Is Jenkins doing a git pull between each matrix element?

711 views
Skip to first unread message

Brian Moffat

unread,
Aug 4, 2014, 12:11:02 PM8/4/14
to jenkins...@googlegroups.com
I have a matrix project to build different C# projects/solutions.  There is one git repository for all solutions.

The matrix job is configured for Git to checkout the master branch to a local directory, and then invokes a downstream project for each matrix element (solution).  That downstream project has not Git configuration, and simply builds the solution using MSBuild.

What I am observing (looking at the console output for the Matrix build job instance) is the matrix job performs the git checkout, which takes about 4 minutes.  It then says "Triggering <matrix element>", but that downstream project doesn't show up in the build list for another 4-5 minutes.  Based on noticing that the content of the checkout directory is changing (total size differences) during the period between when it says "Triggering ..." and when that downstream job actually starts, my guess is that another git checkout is occurring behind the scenes.

Obviously, this adds a significant amount of time to the total length of the matrix build.  The builds of each solution take under 1 minute.  So for the 7 solutions, I would expect the length of time to be 4+(7*1) or roughly 11 minutes, but with the 4-5 minute delay between each matrix element, it takes (4*7) + (7*1) or roughly 30 minutes.  Our CI/CD processes are maturing, and the lengthy delay between checkin at deploy to staging is now slowing us down.

Can anyone provide me guidance on what is going on behind the scenes (nothing in any Jenkins log that I can find), or tell me how I can configure the matrix job "properly" to not do this?

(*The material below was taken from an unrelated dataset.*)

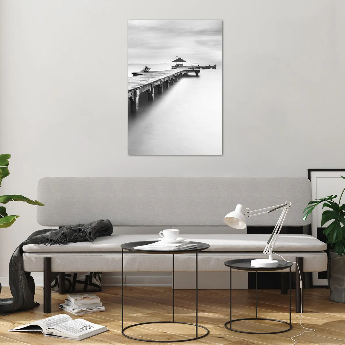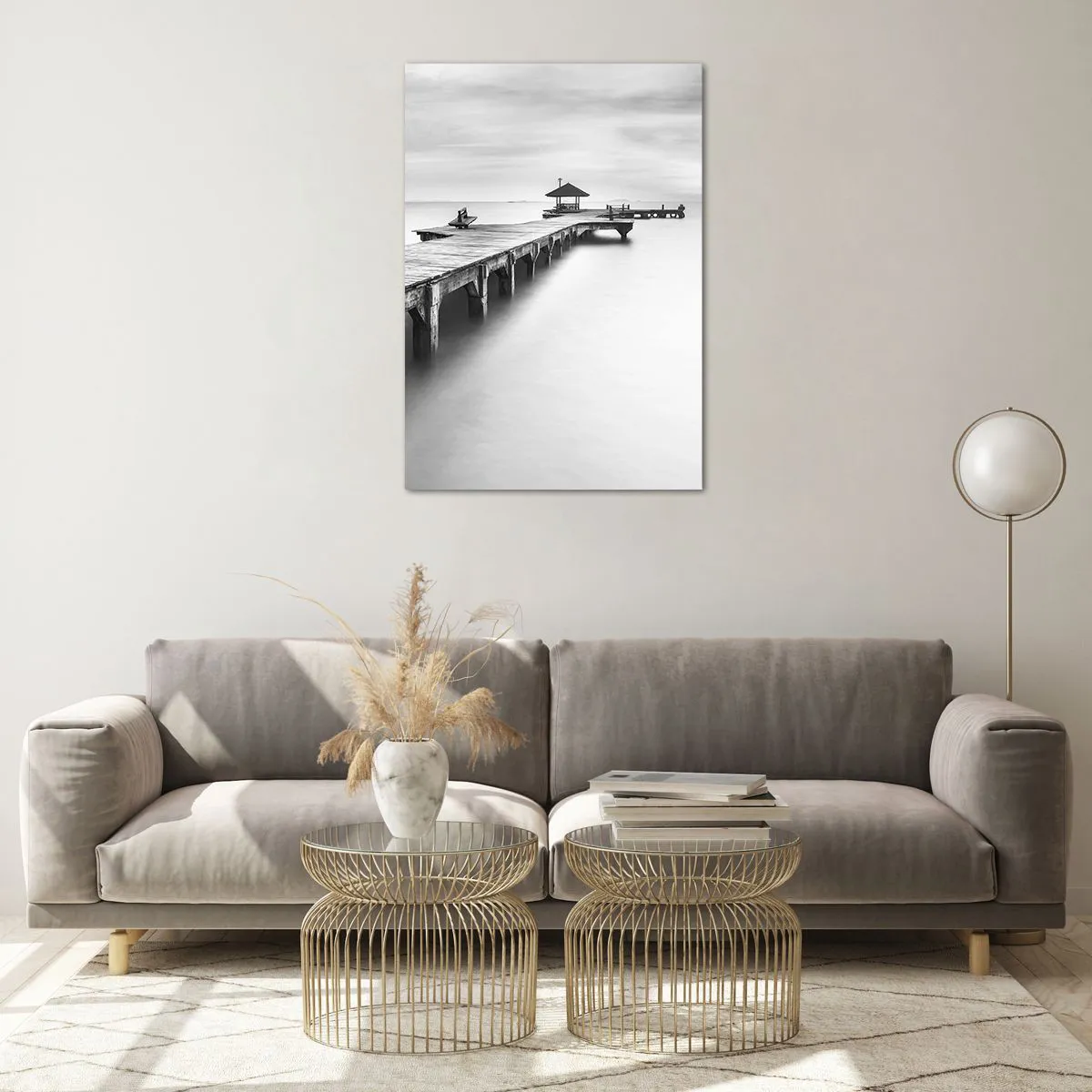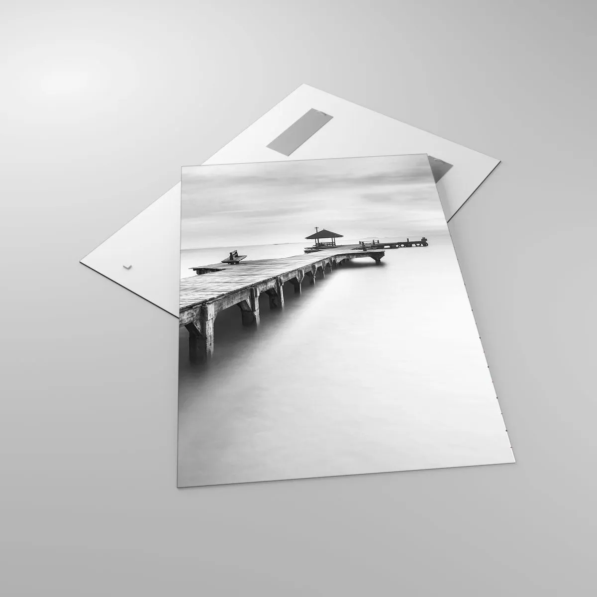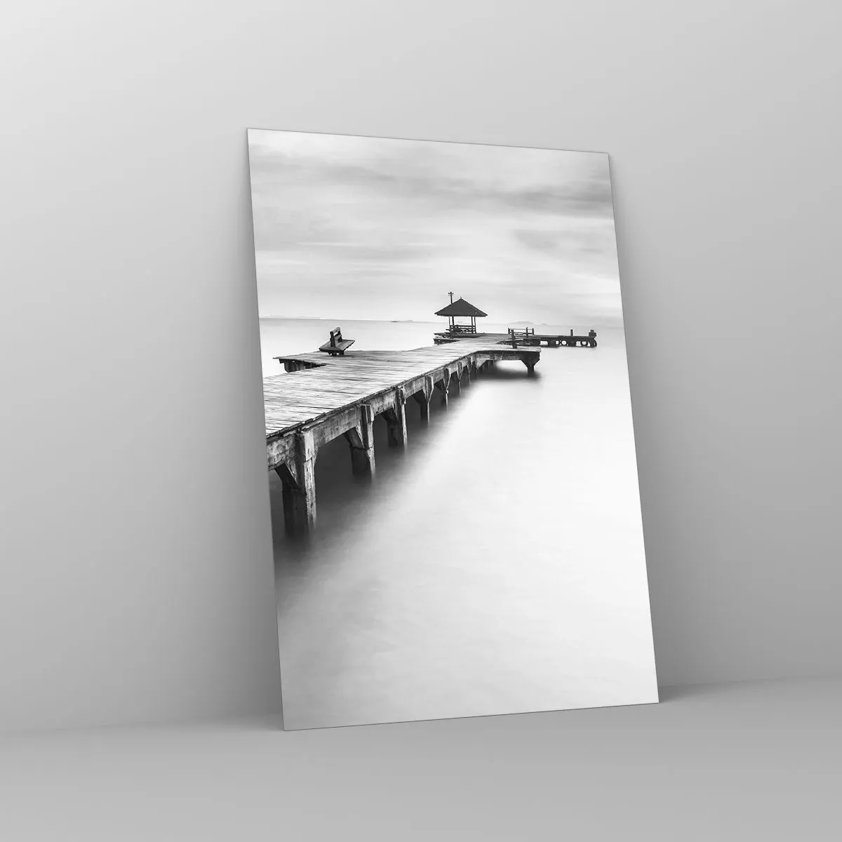 Impression sur verre - Image sur verre - Une vue en noir et blanc d'une jetée en bois sur une eau calme. - 70x100cm - À l'horizon - Décoration murale moderne pour le salon et la chambre ARTTOR
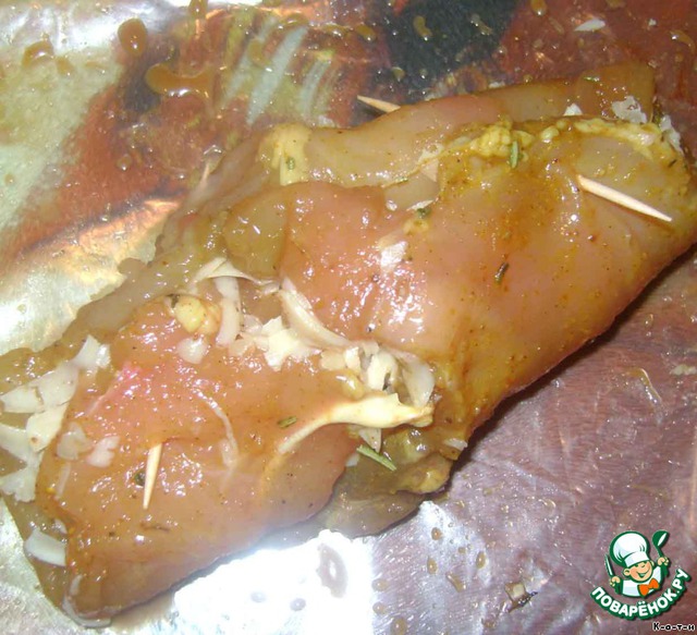 Затем заворачиваем мяско рулетиком и скрепляем 2 зубочистками. Это не сложно

This has run fast, sometimes - but I think perhaps it stopped working after updating plugins, or may somehow be related to the plugins installed - I just don't know where to start to look.

The git section of the matrix job has:
- Additional Behaviors : Checkout to a subdirectory: C:\Build\Source\WebPortal\Master\Dev
- Advanced sub-module behavior: Recursively update submodules (checked)
- Prune stale remote-tracking branches (not sure this is necessary?)

Here is the console log for the matrix job:
Started by user <me>
[EnvInject] - Loading node environment variables.
Building in workspace C:\Tools\Jenkins\jobs\BuildAllWebPortals\workspace
 > C:\Tools\Git\cmd\git.exe rev-parse --is-inside-work-tree
Fetching changes from the remote Git repository
 > C:\Tools\Git\cmd\git.exe config remote.origin.url <our git repository url>
Pruning obsolete local branches Fetching upstream changes from <our git repository url>
> C:\Tools\Git\cmd\git.exe --version > C:\Tools\Git\cmd\git.exe fetch --tags --progress <our git repository url> +refs/heads/master:refs/remotes/origin/master --prune > C:\Tools\Git\cmd\git.exe rev-parse "origin/master^{commit}" Checking out Revision b18aa8cff0aa9da9166f740877845cef27b612ff (origin/master) > C:\Tools\Git\cmd\git.exe config core.sparsecheckout > C:\Tools\Git\cmd\git.exe checkout -f b18aa8cff0aa9da9166f740877845cef27b612ff > C:\Tools\Git\cmd\git.exe rev-list b18aa8cff0aa9da9166f740877845cef27b612ff > C:\Tools\Git\cmd\git.exe remote > C:\Tools\Git\cmd\git.exe submodule init > C:\Tools\Git\cmd\git.exe submodule sync > C:\Tools\Git\cmd\git.exe config --get remote.origin.url > C:\Tools\Git\cmd\git.exe submodule update --init --recursive Email was triggered for: Before Build Sending email for trigger: Before Build Sending email to: <distribution list> Triggering MobileASI
MobileASI completed with result SUCCESS
Triggering Furniture
Furniture completed with result SUCCESS
Triggering RetailPortal
RetailPortal completed with result SUCCESS
Triggering MobileLeons
MobileLeons completed with result SUCCESS
Triggering Leons
Leons completed with result SUCCESS
Triggering MobileVCF
MobileVCF completed with result SUCCESS
Triggering RetailTool
RetailTool completed with result SUCCESS
No emails were triggered.
Finished: SUCCESS

Mark Waite

unread,
Aug 4, 2014, 1:41:08 PM8/4/14
to jenkins...@googlegroups.com
On Mon, Aug 4, 2014 at 10:11 AM, Brian Moffat <crd...@gmail.com> wrote:
I have a matrix project to build different C# projects/solutions.  There is one git repository for all solutions.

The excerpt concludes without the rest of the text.